A new deadline extension to come?

It seems likely, however, that the deadline will simply be extended, despite vows of Mr. Johnson and the Tories not to do so. For one reason, neither the EU nor the UK have any interest – now that Brexit is a fact – to have another cliff edge risk end of next year. Mr. Johnson must show now that Brexit “works”, and that the UK will be better off outside the EU. Mr. Johnson will most probably end up being quite flexible, in line with his past behavior on this matter. Moreover, the strong result in yesterday’s election has clearly strengthened Mr. Johnson’s position within the Tories, reducing the risk of a revolt of the “hardcore” Brexiteers within his party should the deadline be extended.
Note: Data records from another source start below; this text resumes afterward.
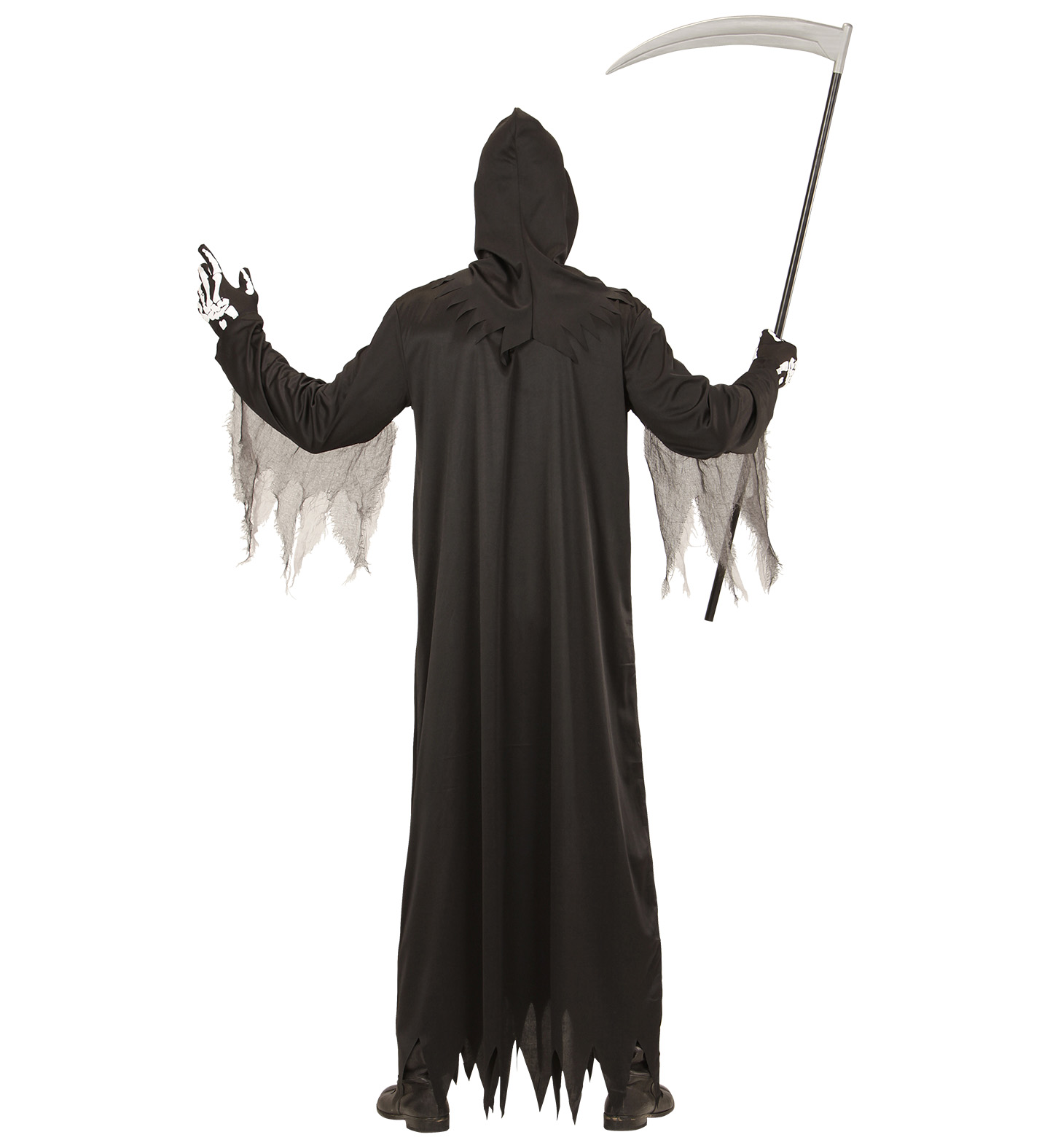 The Grim Reaper Adult Costume includes a long black robe with a mask and a chain.
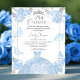 Unmask the enchanting allure of your quinceanera celebration with unique dusty blue dress-themed invitations. These bespoke invitations, inspired by lush dusty blue florals and whimsical butterflies, not only set the anticipation for the event but also hint at the stunning red quinceanera dress reveal. They're completed with confetti details and a tiara accent, embodying the celebratory grandeur of the special day.
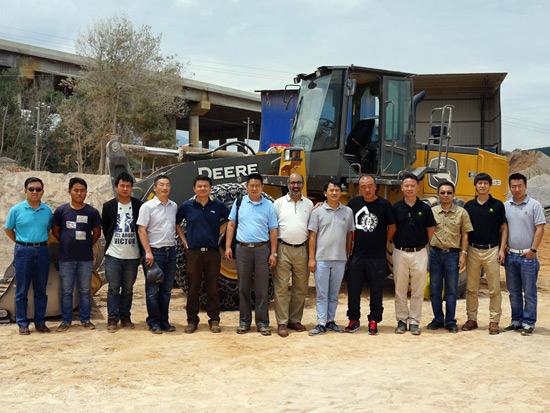 7月27日,由約翰迪爾工程機(jī)械全球設(shè)備總監(jiān)道格·梅爾、迪爾天津工程機(jī)械工廠廠長姜亮領(lǐng)銜的客戶關(guān)愛小組一行十人來到了此次行動(dòng)的首站汶川。汶川客戶潘總實(shí)力雄厚,旗下?lián)碛卸鄠(gè)采石場,年產(chǎn)骨料上千萬噸,他的采石場也是世界知名工程機(jī)械品牌的競技場,諸多性能優(yōu)良的工程機(jī)械設(shè)備都在工地上為潘總創(chuàng)造著價(jià)值。他于2016年中采購了一臺迪爾E360LC挖掘機(jī),礦方一直對這款設(shè)備在工作中表現(xiàn)出的杰出性能和高出勤率贊譽(yù)有加。
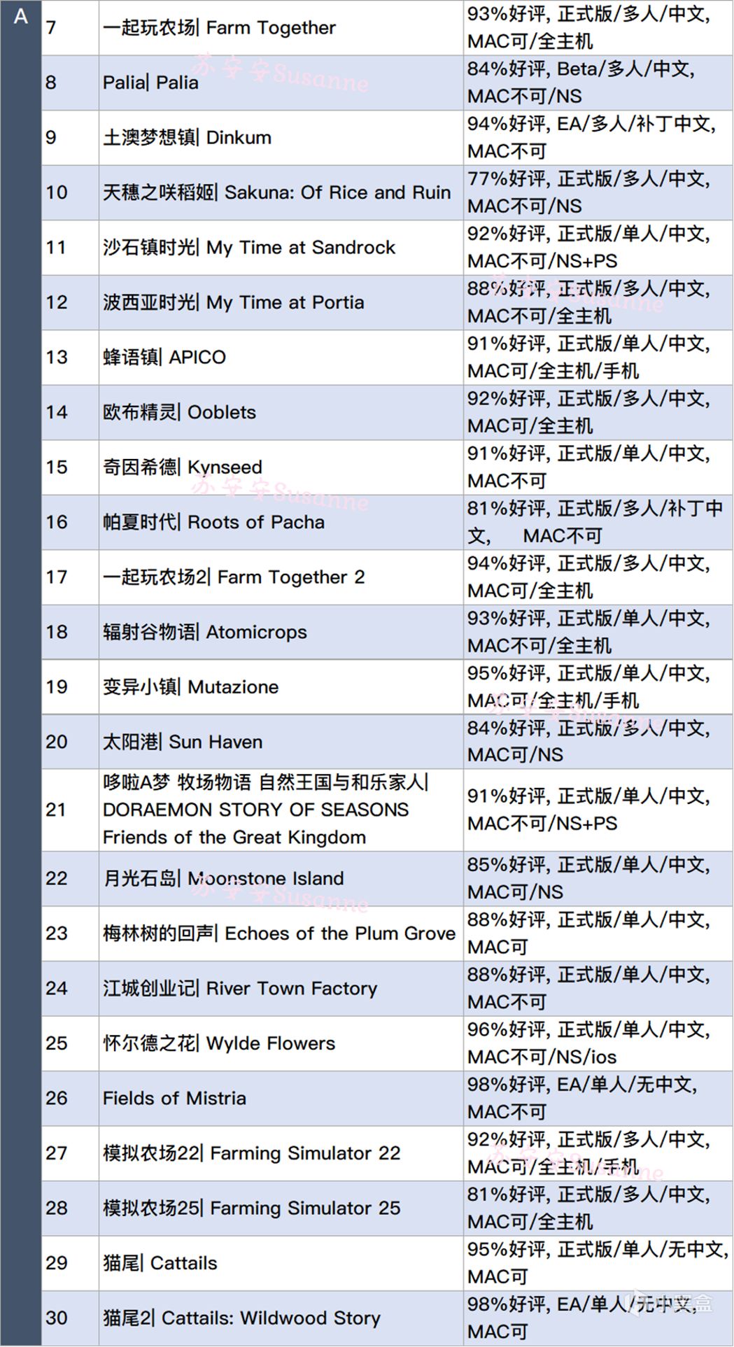 均为Steam游戏、若支持主机/手机额外标注🌾

The EU, on the other hand, will have to find a modus operandi with the UK and develop a new working relationship. The EU will certainly try to extort some concessions from the UK in the negotiations and there can be little doubt that there will be a price to pay in terms of market access for the UK. But the EU will ultimately want to reach an agreement with the UK. All this points to long-lasting, but still constructive negotiations.

A reenergized market

Markets reacted quite positively to the outcome, though this may be more a consequence of what the alternatives looked like than a genuine belief that Brexit will be beneficial for the UK. In any case, uncertainty over the future of the country now looks smaller than over the last couple of months. One could expect this to also translate into some pick up in investment spending, which has been essentially flat since 2016. This, and a strong expansion of government spending, should lead to a gradual re-acceleration of growth in the UK in the coming quarters.